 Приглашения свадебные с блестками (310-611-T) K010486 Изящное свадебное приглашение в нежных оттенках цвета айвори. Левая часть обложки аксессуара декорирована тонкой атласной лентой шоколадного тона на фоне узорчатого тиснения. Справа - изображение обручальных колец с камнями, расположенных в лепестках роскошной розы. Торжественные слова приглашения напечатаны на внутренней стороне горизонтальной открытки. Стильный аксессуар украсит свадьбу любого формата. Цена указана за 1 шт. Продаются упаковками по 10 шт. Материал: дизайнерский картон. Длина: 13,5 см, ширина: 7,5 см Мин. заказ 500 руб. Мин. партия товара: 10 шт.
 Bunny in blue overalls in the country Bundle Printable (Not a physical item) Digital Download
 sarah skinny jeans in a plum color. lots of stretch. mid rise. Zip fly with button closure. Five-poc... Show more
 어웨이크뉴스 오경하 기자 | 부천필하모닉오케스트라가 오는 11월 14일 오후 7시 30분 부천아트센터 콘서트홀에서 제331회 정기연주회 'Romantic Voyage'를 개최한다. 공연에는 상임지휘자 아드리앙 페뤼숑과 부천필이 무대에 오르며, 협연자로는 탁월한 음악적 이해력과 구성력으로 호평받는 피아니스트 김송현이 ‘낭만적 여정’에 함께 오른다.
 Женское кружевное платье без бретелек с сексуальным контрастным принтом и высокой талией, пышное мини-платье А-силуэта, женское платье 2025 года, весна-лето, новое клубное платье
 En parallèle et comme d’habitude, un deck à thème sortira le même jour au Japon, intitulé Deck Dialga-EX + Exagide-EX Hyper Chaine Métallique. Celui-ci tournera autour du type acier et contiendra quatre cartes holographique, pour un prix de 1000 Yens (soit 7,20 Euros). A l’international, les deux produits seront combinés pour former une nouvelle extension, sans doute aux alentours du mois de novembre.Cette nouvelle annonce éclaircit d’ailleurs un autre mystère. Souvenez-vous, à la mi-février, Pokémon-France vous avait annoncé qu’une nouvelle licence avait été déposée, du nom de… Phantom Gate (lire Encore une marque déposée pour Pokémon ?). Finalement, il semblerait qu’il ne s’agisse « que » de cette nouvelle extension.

++++++++

Everything from the first line of the entries above through the line with "sarah skinny jeans" is to be reproduced exactly, and nothing else.

 Приглашения свадебные с блестками (310-611-T) K010486 Изящное свадебное приглашение в нежных оттенках цвета айвори. Левая часть обложки аксессуара декорирована тонкой атласной лентой шоколадного тона на фоне узорчатого тиснения. Справа - изображение обручальных колец с камнями, расположенных в лепестках роскошной розы. Торжественные слова приглашения напечатаны на внутренней стороне горизонтальной открытки. Стильный аксессуар украсит свадьбу любого формата. Цена указана за 1 шт. Продаются упаковками по 10 шт. Материал: дизайнерский картон. Длина: 13,5 см, ширина: 7,5 см Мин. заказ 500 руб. Мин. партия товара: 10 шт.
 Bunny in blue overalls in the country Bundle Printable (Not a physical item) Digital Download
 sarah skinny jeans in a plum color. lots of stretch. mid rise. Zip fly with button closure. Five-poc... Show more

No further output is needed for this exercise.